🤖 AI Summary
This work addresses the challenge of efficiently adapting general-purpose imitation policies to novel task objectives and constraints while maintaining data efficiency and deployment robustness. The authors propose an instruction-conditioned policy optimization framework that integrates imitation learning with reinforcement learning, leveraging natural language task descriptions to automatically generate reward functions. For the first time, this approach combines human feedback on intermediate trajectories with a Eureka-style reward generation mechanism to enable personalized policy refinement. Evaluated on simulated pick-and-place tasks, the method significantly outperforms feedback-free baselines, achieving enhanced robustness with reduced computational overhead and enabling efficient reuse of general policies across diverse task configurations.
📝 Abstract
This paper presents PRISM: an instruction-conditioned refinement method for imitation policies in robotic manipulation. This approach bridges Imitation Learning (IL) and Reinforcement Learning (RL) frameworks into a seamless pipeline, such that an imitation policy on a broad generic task, generated from a set of user-guided demonstrations, can be refined through reinforcement to generate new unseen fine-grain behaviours.
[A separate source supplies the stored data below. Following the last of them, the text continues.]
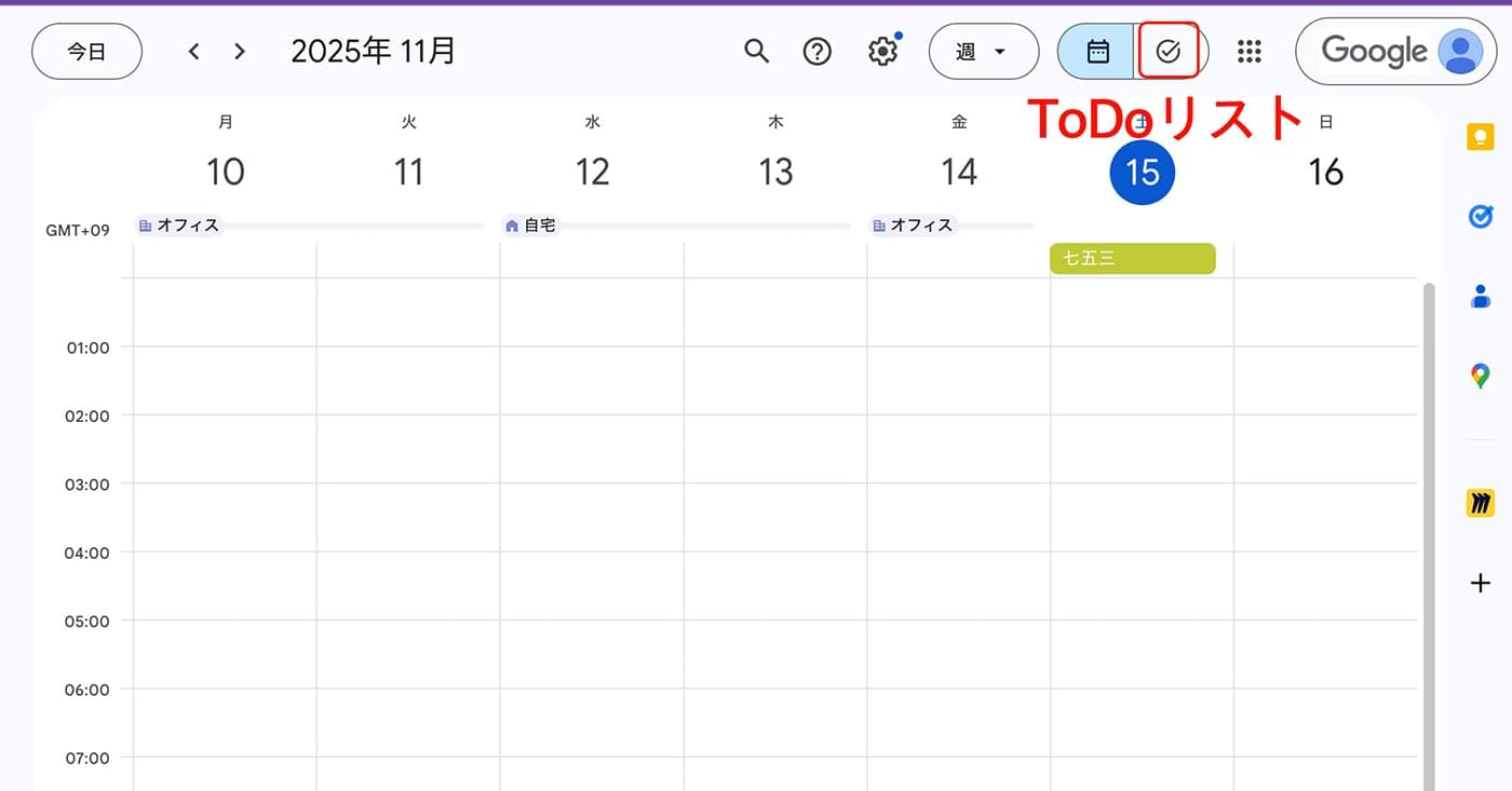 Google カレンダーにタブが表示されている 「ToDo リスト」 を使えば、カレンダーを見ながら 「いつまでに何をやるか」 を完結して管理できます。
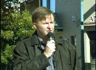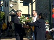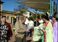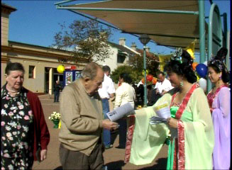| 联邦议员、就业和培训影子部长Anthony Albanese 先生发表演说 | 马力维克市的法轮功学员Myrna Mack女士给Stephen Sim先生赠送鲜花 |
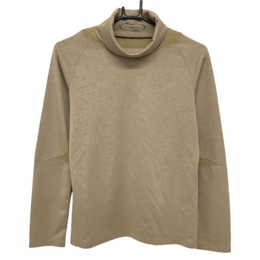 【美品】オークリー 長袖ハイネックシャツ ライトブラウン系 総柄地模様 ハーフジップ 胸ロゴ メンズ L ゴルフウェア Oakley
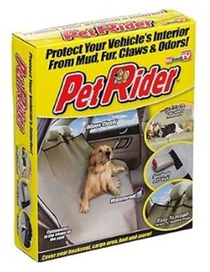 Nothing makes a dog happier than to go for a ride in the car, but pets leave behind hair and pet mess that are hard to remove. Now there's Pet Rider As Seen On TV, the revolutionary pet seat cover made of a hair and stain resistant material that's easy to clean. It installs in seconds in any car or truck or van. It works on bench seats, bucket seats and even fits perfectly in the back of large SUVs.
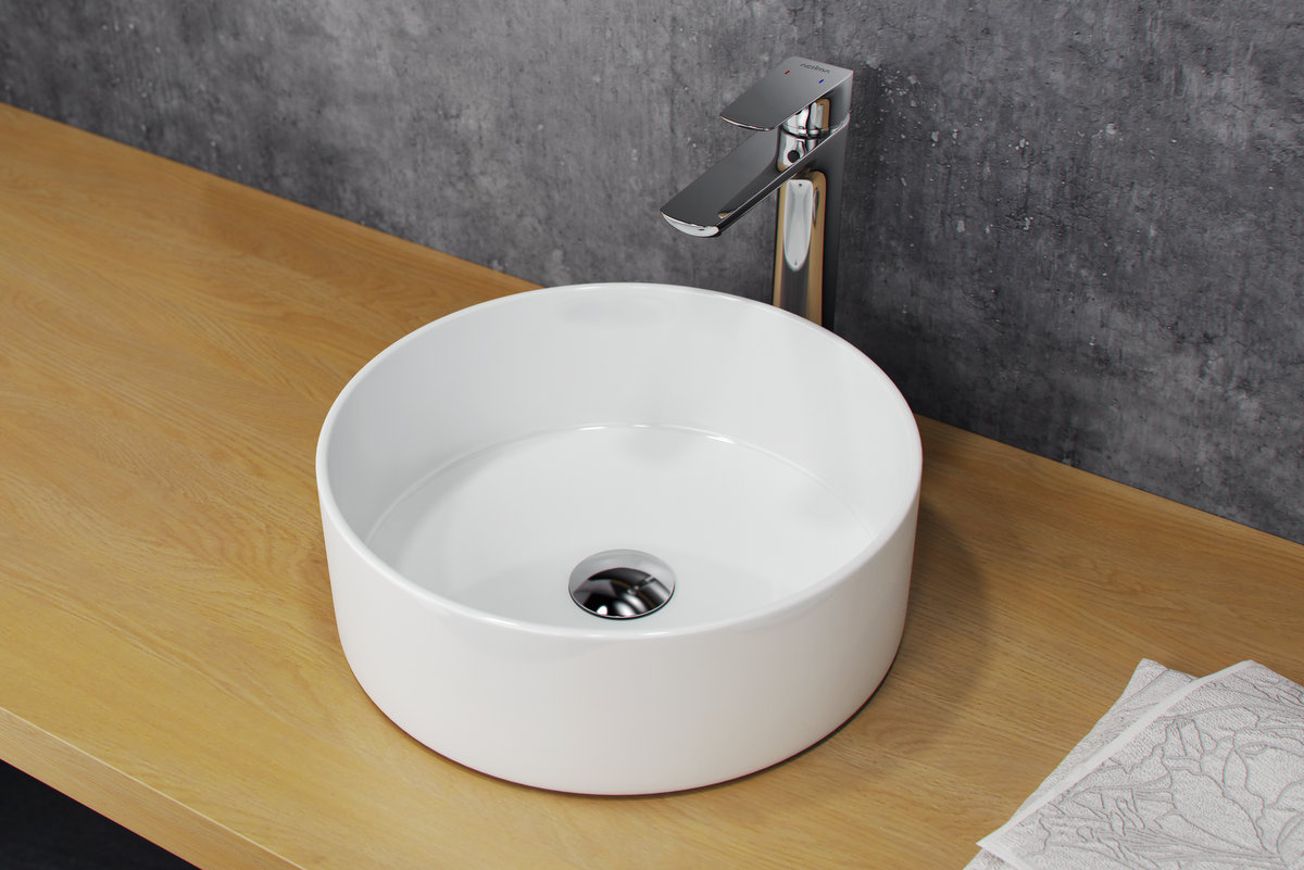 Ovia umywalka ceramiczna, nablatowa. Świetnie pasuje do minimalistycznych wnętrz, ale równie dobrze ozdobi łazienkę tradycyjną i klasyczną.
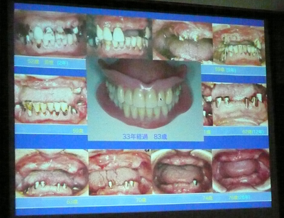 上の写真は、1人の患者様の欠損歯列が33年かけて進行して行った模様です。
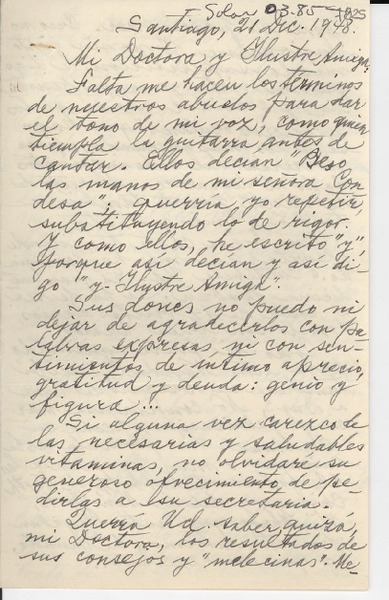 [Carta] 1948 dic. 21, Santiago [a] Gabriela Mistral [manuscrito] J. Saavedra.
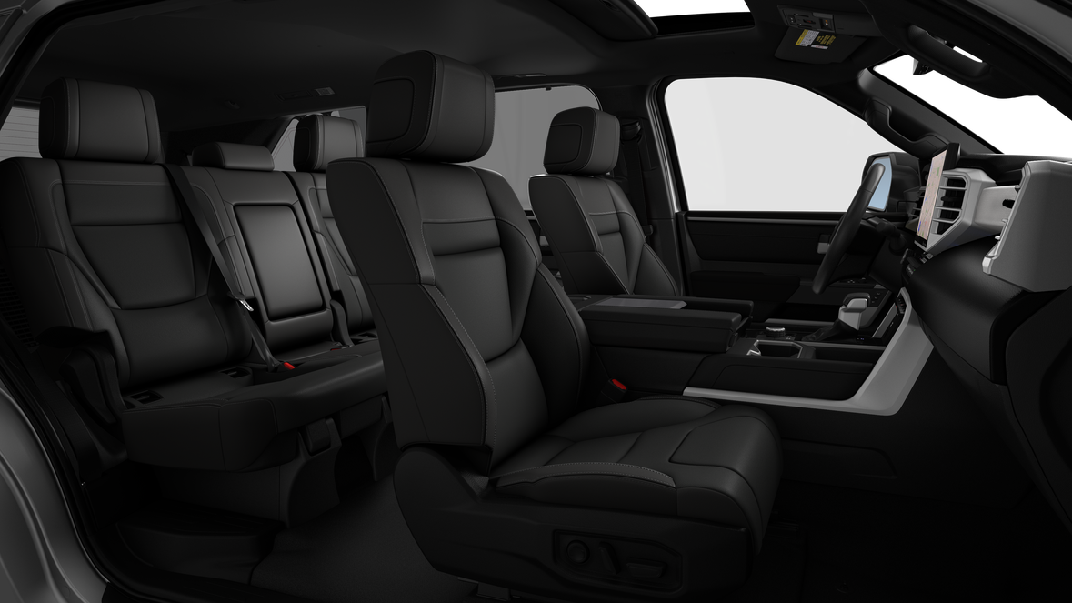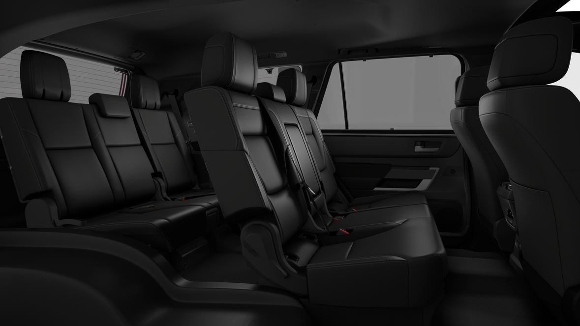 - Leather-trimmed 60/40 split, sliding, power-reclining, power fold-down third-row seats with adjustable headrests

The refinement process follows the Eureka paradigm, where reward functions for RL are iteratively generated from an initial natural-language task description. Presented approach, builds on top of this mechanism to adapt a refined IL policy of a generic task to new goal configurations and the introduction of constraints by adding also human feedback correction on intermediate rollouts, enabling policy reusability and therefore data efficiency. Results for a pick-and-place task in a simulated scenario show that proposed method outperforms policies without human feedback, improving robustness on deployment and reducing computational burden.